### Exercise aim
Retype the listing below exactly, pictures removed.

── Provided data

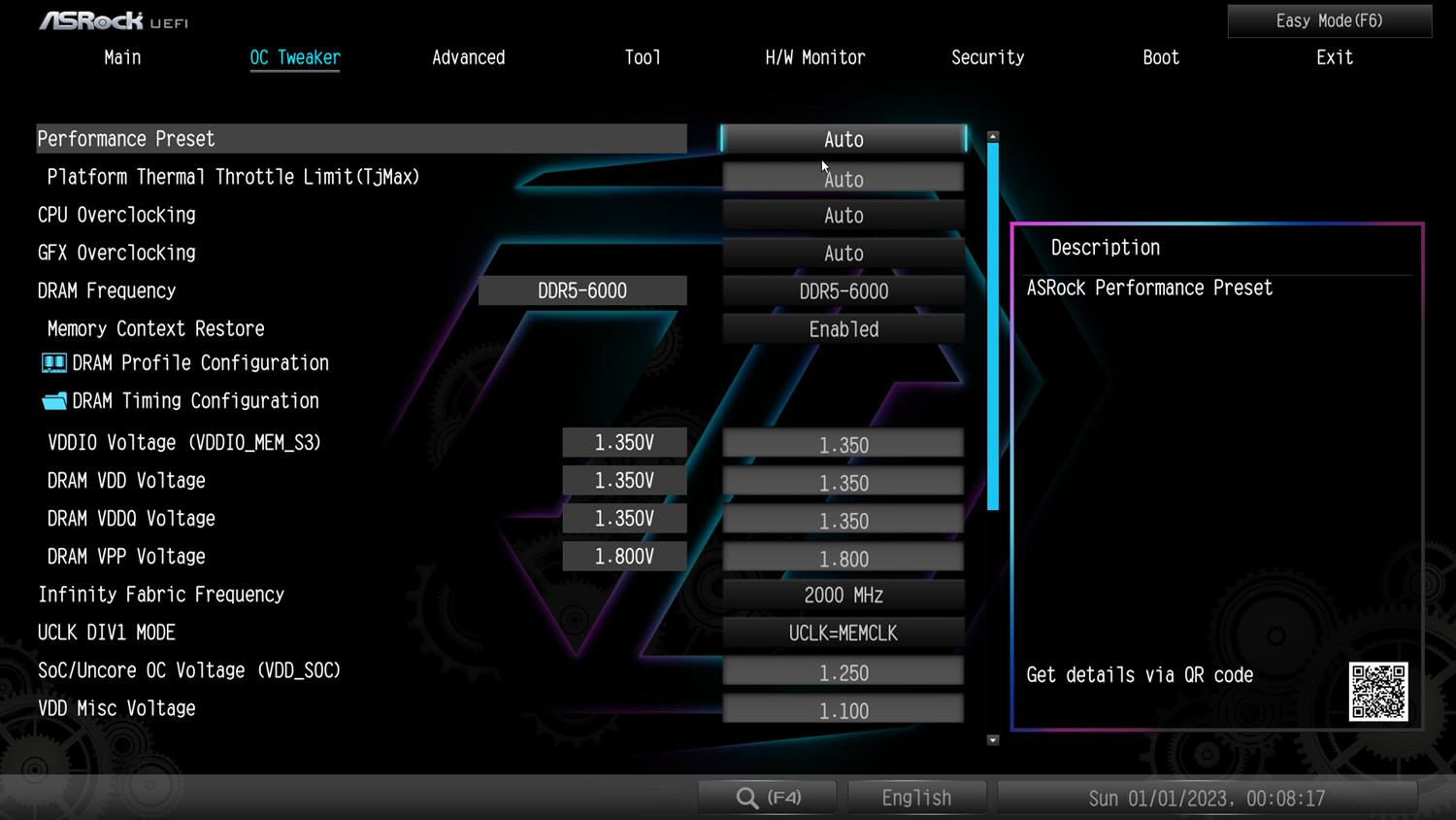Wreszcie mamy tryb Easy – ASRock zapominał o nim w przypadku płyt pod procesory AMD. Możemy tu łatwo włączyć EXPO/XMP, co powinno pomóc początkującym użytkownikom. Pozostałe ustawienia są w miarę dobrze poukładane i powinniście szybko znaleźć interesującą Was opcję. Nie ma problemów z podkręceniem procesora, zmiany krzywej obrotów wentylatora czy zmiany nawet podświetlenia z poziomu BIOSu. Jest więc dobrze.
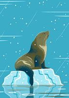 Mijn illustratie toont een pelsrob op een ijsschots in de ijzige wateren van Antarctica. Terwijl hij omhoog kijkt naar de vallende sneeuwvlokken, wordt de serene en koude schoonheid van het zuidpoolgebied vastgelegd.
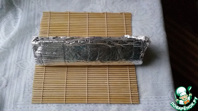 Мне удобно формировать с помощью коврика для суши. На него кладем фольгу с пленкой. Выкладываем подготовленную массу в виде прямоугольника ≈ 22 ×17 см и высотой 1,5-2 см.
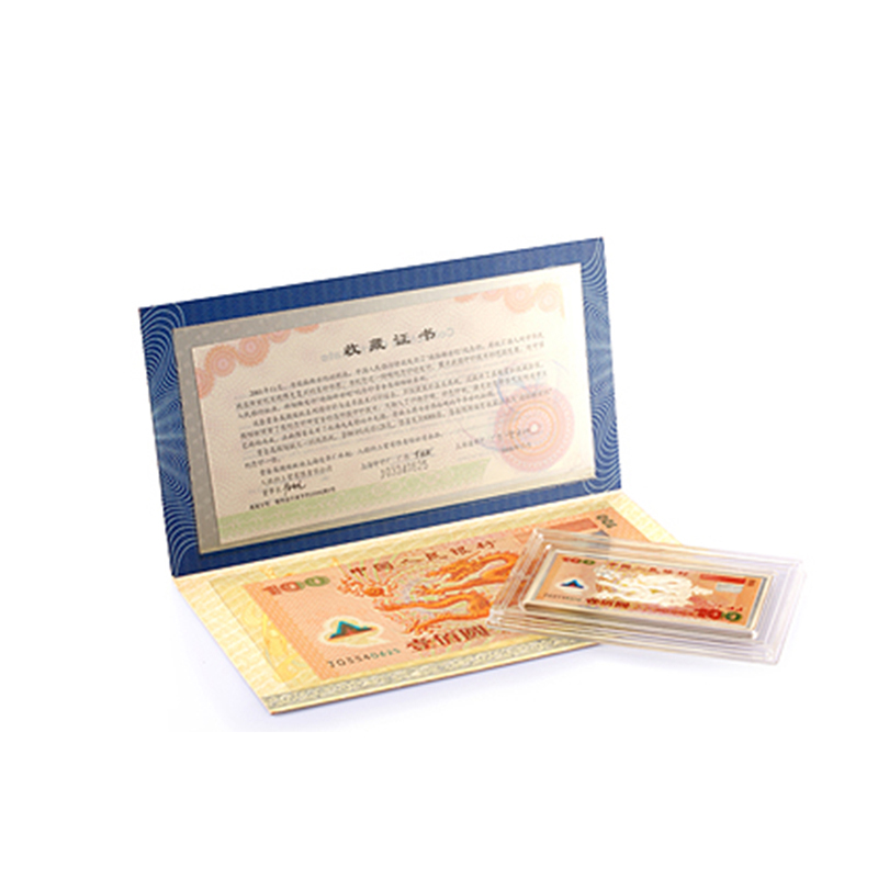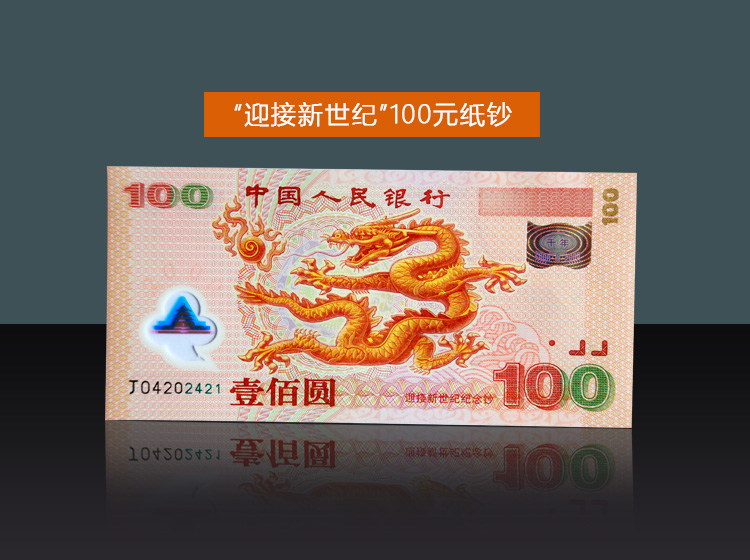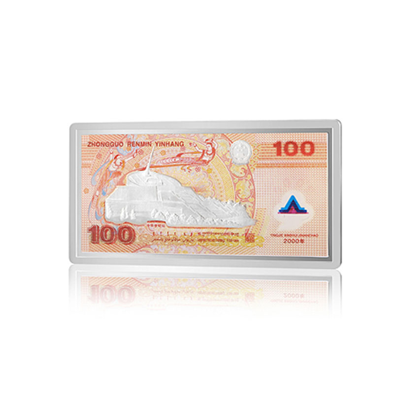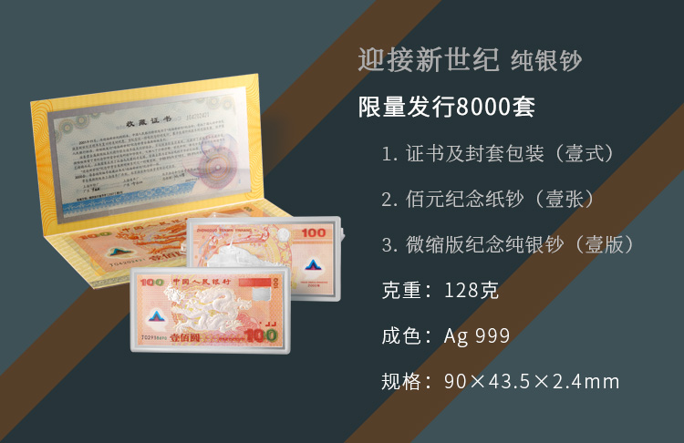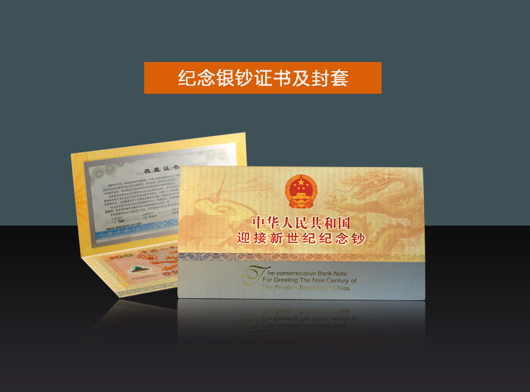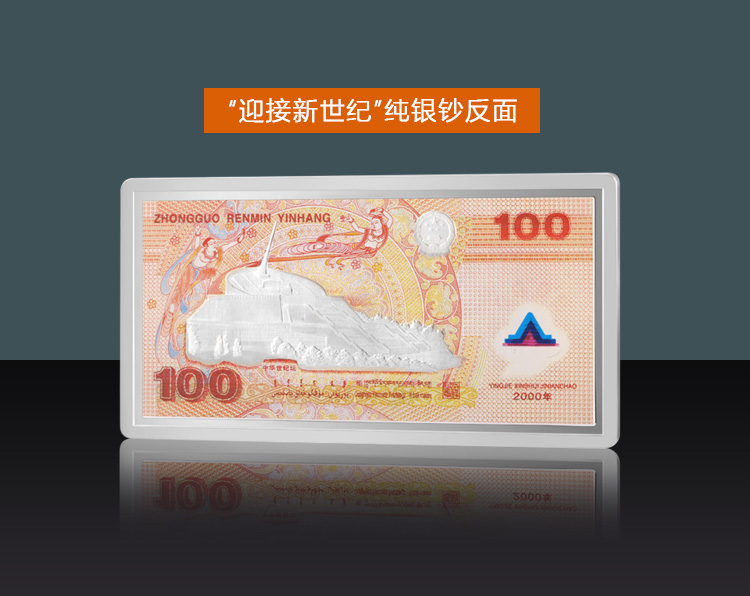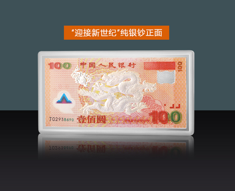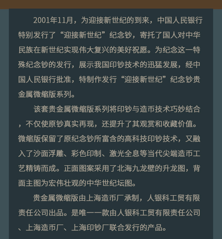 2001年11月,為迎接新世紀的到來,中國人民銀行特別發(fā)行了“迎接新世紀”紀念鈔,寄托了國人對中華民族在新世紀實現偉大復興的美好祝愿。為紀念這一特殊紀念鈔的發(fā)行,展示我國印鈔技術的迅猛發(fā)展,經中國人民銀行批準,特制作發(fā)行“迎接新世紀”紀念鈔貴金屬微縮版系列。該套貴金屬微縮版系列將印鈔與造幣技術巧妙結合,不僅使原鈔真實再現,還提升了其觀賞和收藏價值。微縮版保留了原紀念鈔所富含的高科技印鈔技術,又融入了沙面浮雕、彩色印制、激光全息等當代尖端造幣工藝精鑄而成。正面圖案采用了北海九龍壁的升龍圖,背面主圖為宏偉壯觀的中華世紀壇圖。貴金屬微縮版由上海造幣廠承制,人銀科工貿有限責任公司出品。是唯一一款由人銀科工貿有限責任公司、上海造幣廠、上海印鈔廠聯合發(fā)行的產品。貴金屬微縮版之一的純金版,含99.9%純金198克,限量發(fā)行1000套;銀鑲金版,含99.9%純金18克,含99.9%純銀128克,限量發(fā)行3000套;純銀版含99.9%純銀128克,限量發(fā)行8000套。每套隨附編號收藏證書及“迎接新世紀”紀念鈔一張。

────

### Answer space
Wreszcie mamy tryb Easy – ASRock zapominał o nim w przypadku płyt pod procesory AMD. Możemy tu łatwo włączyć EXPO/XMP, co powinno pomóc początkującym użytkownikom. Pozostałe ustawienia są w miarę dobrze poukładane i powinniście szybko znaleźć interesującą Was opcję. Nie ma problemów z podkręceniem procesora, zmiany krzywej obrotów wentylatora czy zmiany nawet podświetlenia z poziomu BIOSu. Jest więc dobrze.
 Mijn illustratie toont een pelsrob op een ijsschots in de ijzige wateren van Antarctica. Terwijl hij omhoog kijkt naar de vallende sneeuwvlokken, wordt de serene en koude schoonheid van het zuidpoolgebied vastgelegd.
 Мне удобно формировать с помощью коврика для суши. На него кладем фольгу с пленкой. Выкладываем подготовленную массу в виде прямоугольника ≈ 22 ×17 см и высотой 1,5-2 см.
 2001年11月,為迎接新世紀的到來,中國人民銀行特別發(fā)行了“迎接新世紀”紀念鈔,寄托了國人對中華民族在新世紀實現偉大復興的美好祝愿。為紀念這一特殊紀念鈔的發(fā)行,展示我國印鈔技術的迅猛發(fā)展,經中國人民銀行批準,特制作發(fā)行“迎接新世紀”紀念鈔貴金屬微縮版系列。該套貴金屬微縮版系列將印鈔與造幣技術巧妙結合,不僅使原鈔真實再現,還提升了其觀賞和收藏價值。微縮版保留了原紀念鈔所富含的高科技印鈔技術,又融入了沙面浮雕、彩色印制、激光全息等當代尖端造幣工藝精鑄而成。正面圖案采用了北海九龍壁的升龍圖,背面主圖為宏偉壯觀的中華世紀壇圖。貴金屬微縮版由上海造幣廠承制,人銀科工貿有限責任公司出品。是唯一一款由人銀科工貿有限責任公司、上海造幣廠、上海印鈔廠聯合發(fā)行的產品。貴金屬微縮版之一的純金版,含99.9%純金198克,限量發(fā)行1000套;銀鑲金版,含99.9%純金18克,含99.9%純銀128克,限量發(fā)行3000套;純銀版含99.9%純銀128克,限量發(fā)行8000套。每套隨附編號收藏證書及“迎接新世紀”紀念鈔一張。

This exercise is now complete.